▶ **MATERIAL PROVIDED**
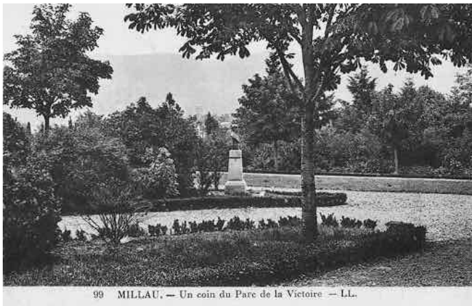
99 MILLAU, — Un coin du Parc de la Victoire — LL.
--
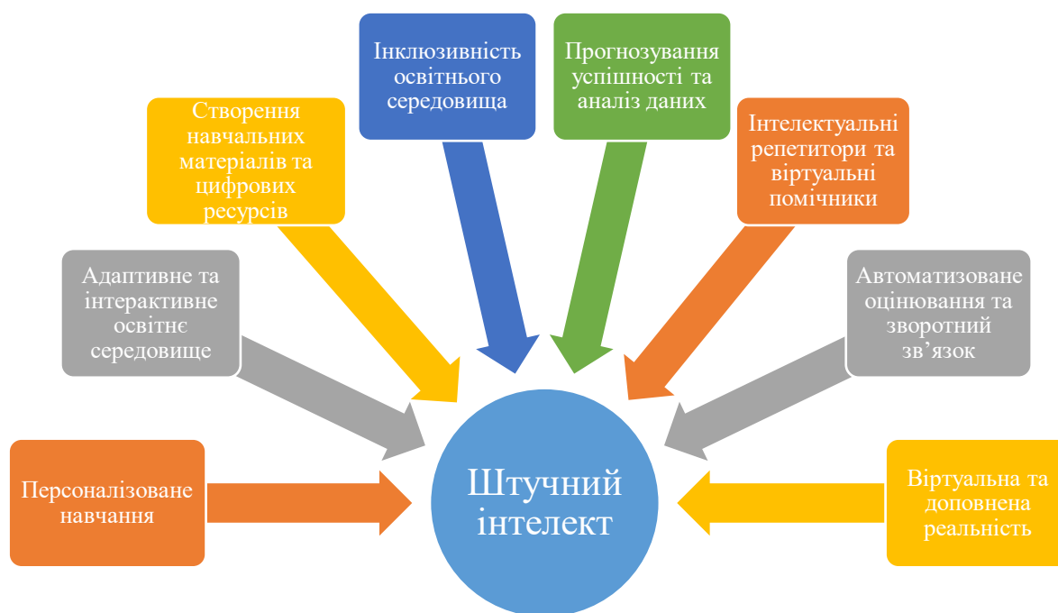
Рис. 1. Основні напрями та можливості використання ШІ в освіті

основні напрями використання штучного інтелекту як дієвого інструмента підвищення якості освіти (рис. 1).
---
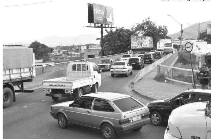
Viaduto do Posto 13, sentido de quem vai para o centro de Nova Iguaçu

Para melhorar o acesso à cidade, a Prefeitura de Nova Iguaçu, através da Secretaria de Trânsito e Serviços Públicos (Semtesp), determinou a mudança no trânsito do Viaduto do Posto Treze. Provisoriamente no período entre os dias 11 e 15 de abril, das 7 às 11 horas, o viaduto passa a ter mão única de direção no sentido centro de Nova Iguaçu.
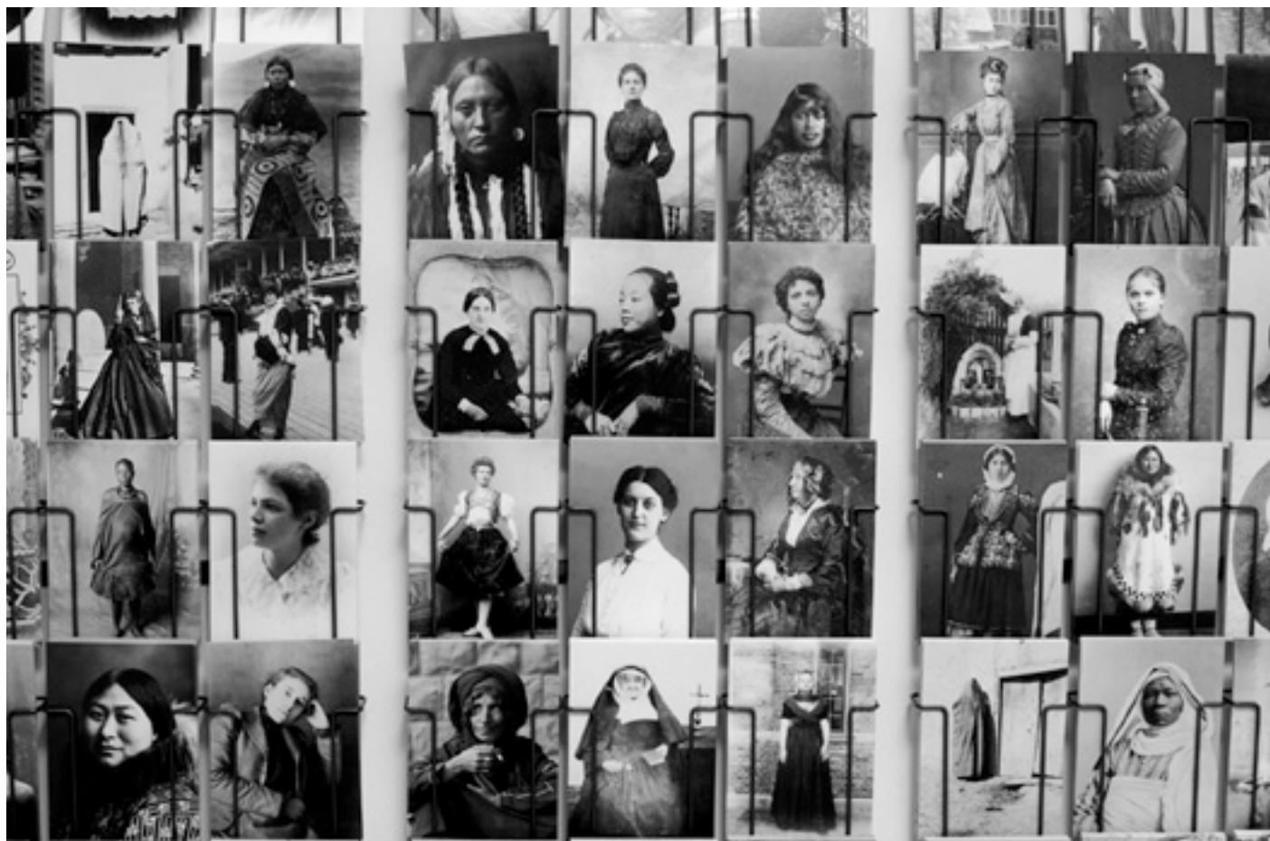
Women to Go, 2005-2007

▶ **ABOUT THIS TASK**
Above are the records; from them, give again exactly the lines from the one containing "Рис. 1. Основні" through the one containing "основні напрями використання", both included.

▶ **EXERCISE ANSWER**
Рис. 1. Основні напрями та можливості використання ШІ в освіті

основні напрями використання штучного інтелекту як дієвого інструмента підвищення якості освіти (рис. 1).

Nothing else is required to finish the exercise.